In this section we first attempt to identify the simplest kind of code, graphics code, the oldest, is now very common these codes appear, usually consisting of four letters or numbers, such as the registration page on the Chinese HowNet a similar verification code, the link is:http://my.cnki.net/elibregister/commonRegister.aspx , the page shown in Figure 8-1:
Figure 8-1 HowNet registration page
The last one is a form of CAPTCHA, we must fully enter the correct characters in the picture before they can complete the registration.
1. The objective of this section
In this section we have to HowNet verification codes, for example, explain the method using the OCR technology to identify such graphical verification code.
2. Preparation
Identification pattern codes required libraries have Tesserocr, reference may be installed without the installation instructions chapter.
3. Get verification code
In order to facilitate the experiment, we first verify that the picture is saved to the local code, for testing.
Open the Developer Tools, find the code element, you can see that this is a picture, it's src attribute is CheckCode.aspx, where we open this link directly: you can see a verification code that is directly right-preserved may the name of the named code.jpg, do not understand the learning process can join our learning exchanges among Qiuqiu ring 784 758 214 back to share the moment Python enterprise talent needs and how you learn Python from a zero base, and learning What content. Related video learning materials, development tools are shown in Figure 8-2 Share:
FIG codes 8-2
So that we can get a verification code identifies the following picture for testing use.
4. Identify Test
Next we create a new project, the CAPTCHA image into the project root directory, Tesserocr library to identify what the code to try, as follows:
import tesserocr
from PIL import Image
image = Image.open('code.jpg')
result = tesserocr.image_to_text(image)
print(result)
Here we first create an Image object and then call the Tesserocr of image_to_text () method, passing in the Image object to complete the identification process is very simple realization, recognition results are as follows:
JR42
In addition Tesserocr there is a more simple way directly to the image file into a string you can achieve the same effect, as follows:
import tesserocr
print(tesserocr.file_to_text('image.png'))
However, this method has been tested good as the effect of identifying a way.
The treatment codes
As the basic picture identification is not difficult, just create a new Image object and then call image_to_text () method to obtain recognition of the results of the picture.

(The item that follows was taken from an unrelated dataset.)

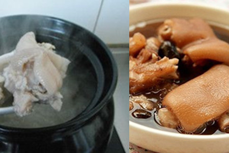 准备一口砂锅,将猪蹄块和黑豆放进锅里面,倒入合适的水,慢慢的熬。大约需要熬90分钟左右,等到猪蹄上的的肉质松软的时候,就制作完成了。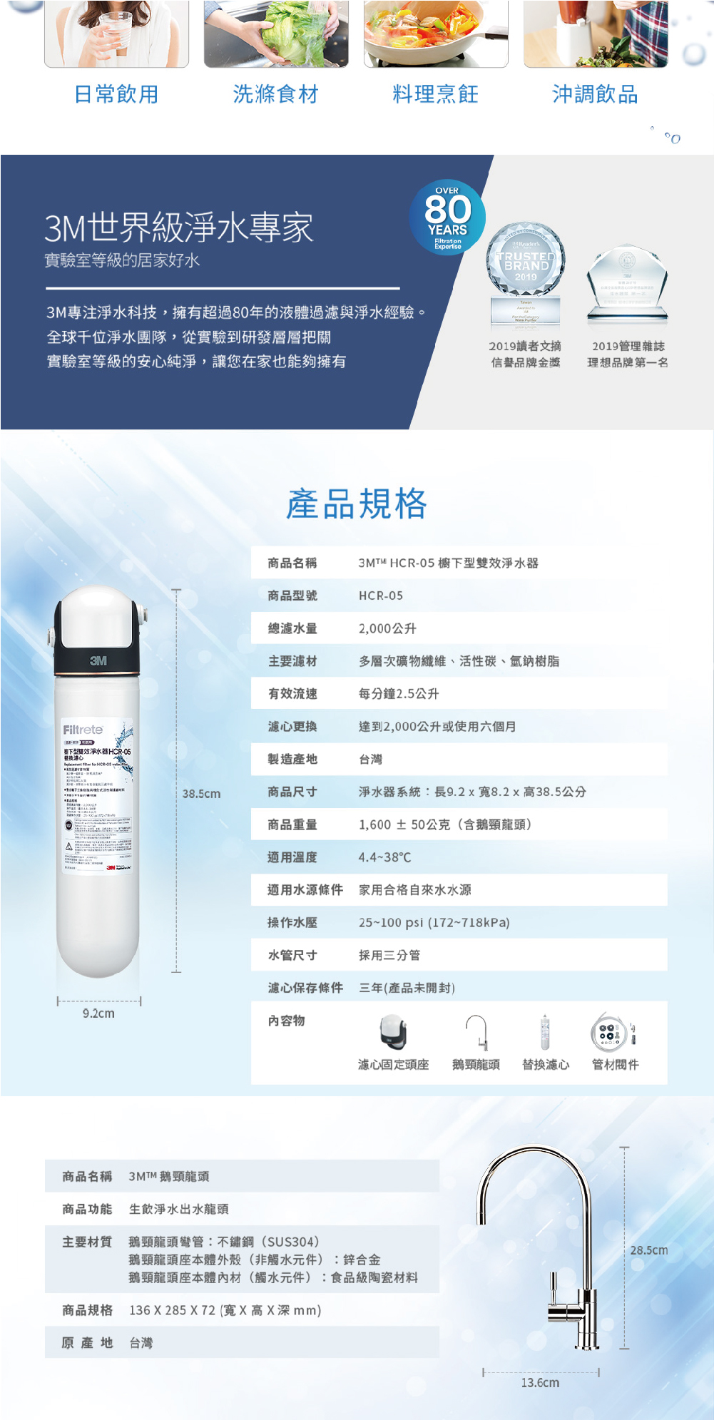 礦物型過濾|HCR-05 櫥下型雙效淨水器(通用HCRF2)【3M】【旗艦款】

Next, we try for a verification code, named code2.jpg, shown in Figure 8-3:
FIG codes 8-3
Re-test with the following code:
import tesserocr
from PIL import Image
image = Image.open('code2.jpg')
result = tesserocr.image_to_text(image)
print(result)
Python资源分享qun 784758214 ,内有安装包,PDF,学习视频,这里是Python学习者的聚集地,零基础,进阶,都欢迎
Then you can see the following output:
FFKT
The discovery and identification of actual results deviate, this is because the validation extra lines in the interference image recognition.
In this case, what we need to do additional processing, such as turn gray, binarization operation.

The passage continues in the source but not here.